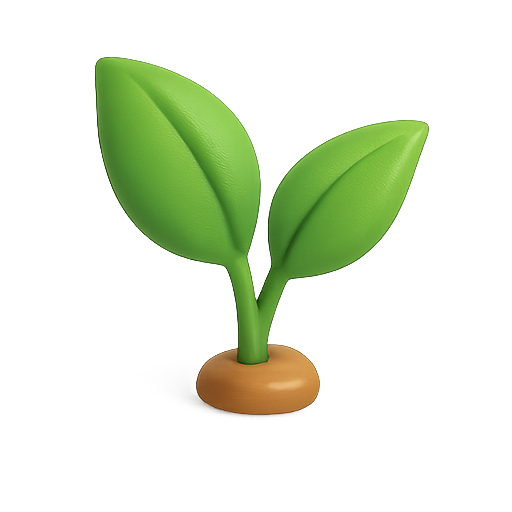 A simple and modern plant icon featuring two vibrant green leaves sprouting from a brown base. Ideal for eco-friendly themes, gardening apps, or sustainability projects.
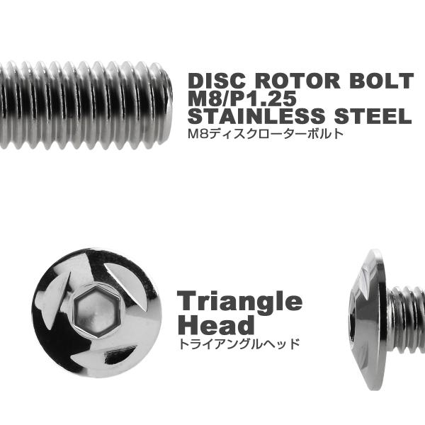 SUSステンレス製 M8×25mm P1.25 ブレーキ ディスク ローター ボルト トライアングルヘッド ヤマハ車用 シルバー TD0238
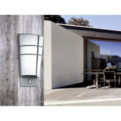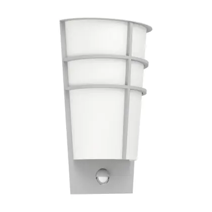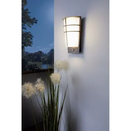 Descrizione Eglo Luce Da Parete Breganzo 1 Acciaio Argento 2W 230lm - 830 Luce Calda - | IP44 - Sensore di Movimento e Luce
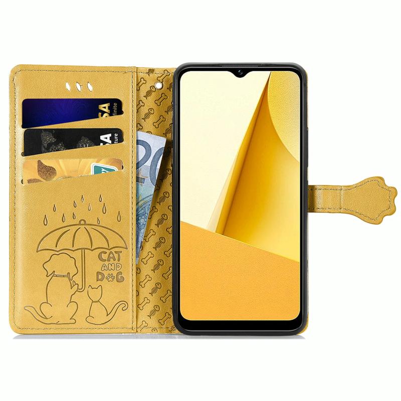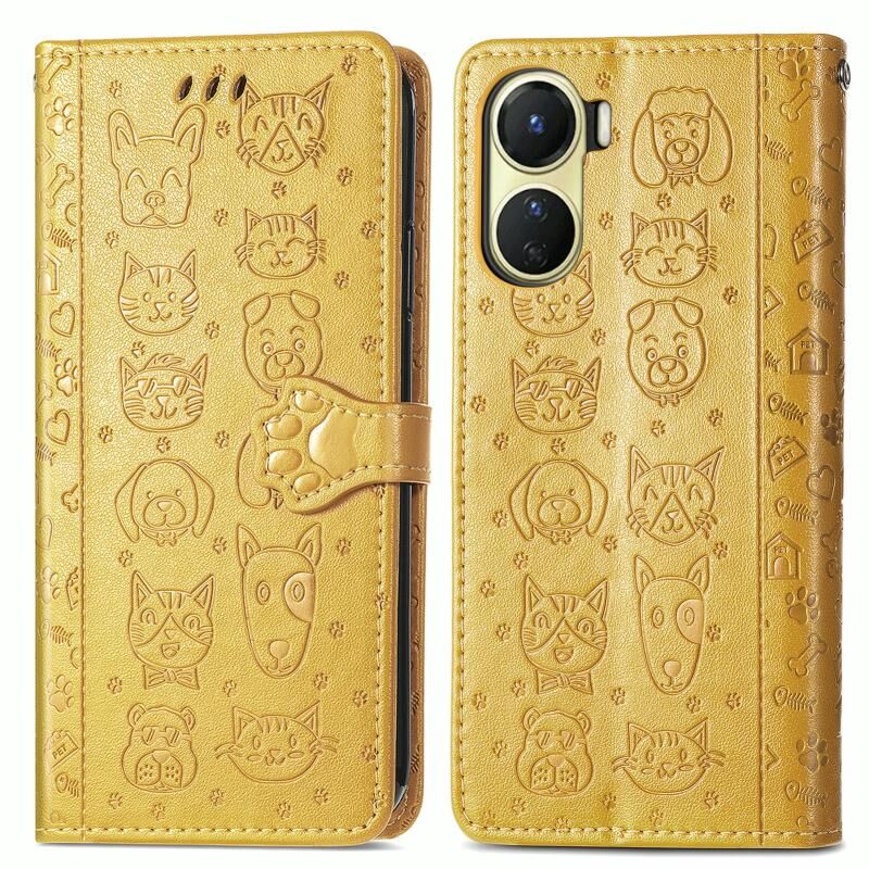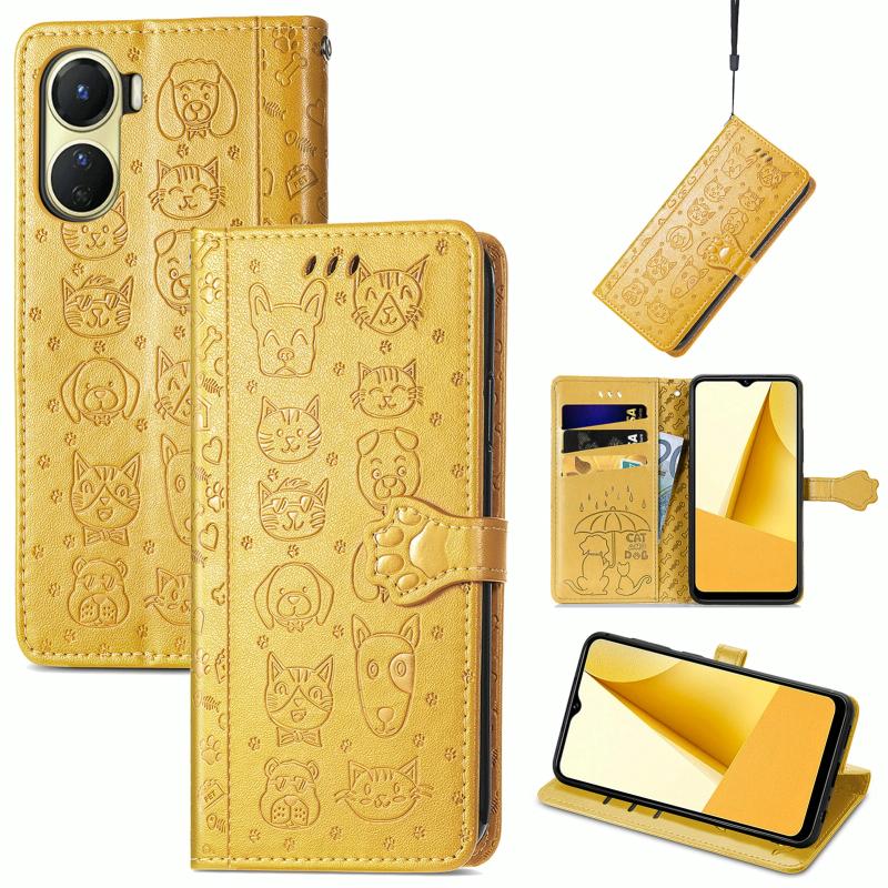 For vivo Y16 Cat and Dog Embossed Leather Phone Case(Yellow)

* **REQUIRED ACTION**
What's needed is every line above, retyped exactly and free of pictures.

* **YOUR SOLUTION**
 A simple and modern plant icon featuring two vibrant green leaves sprouting from a brown base. Ideal for eco-friendly themes, gardening apps, or sustainability projects.
 SUSステンレス製 M8×25mm P1.25 ブレーキ ディスク ローター ボルト トライアングルヘッド ヤマハ車用 シルバー TD0238
 Descrizione Eglo Luce Da Parete Breganzo 1 Acciaio Argento 2W 230lm - 830 Luce Calda - | IP44 - Sensore di Movimento e Luce
 For vivo Y16 Cat and Dog Embossed Leather Phone Case(Yellow)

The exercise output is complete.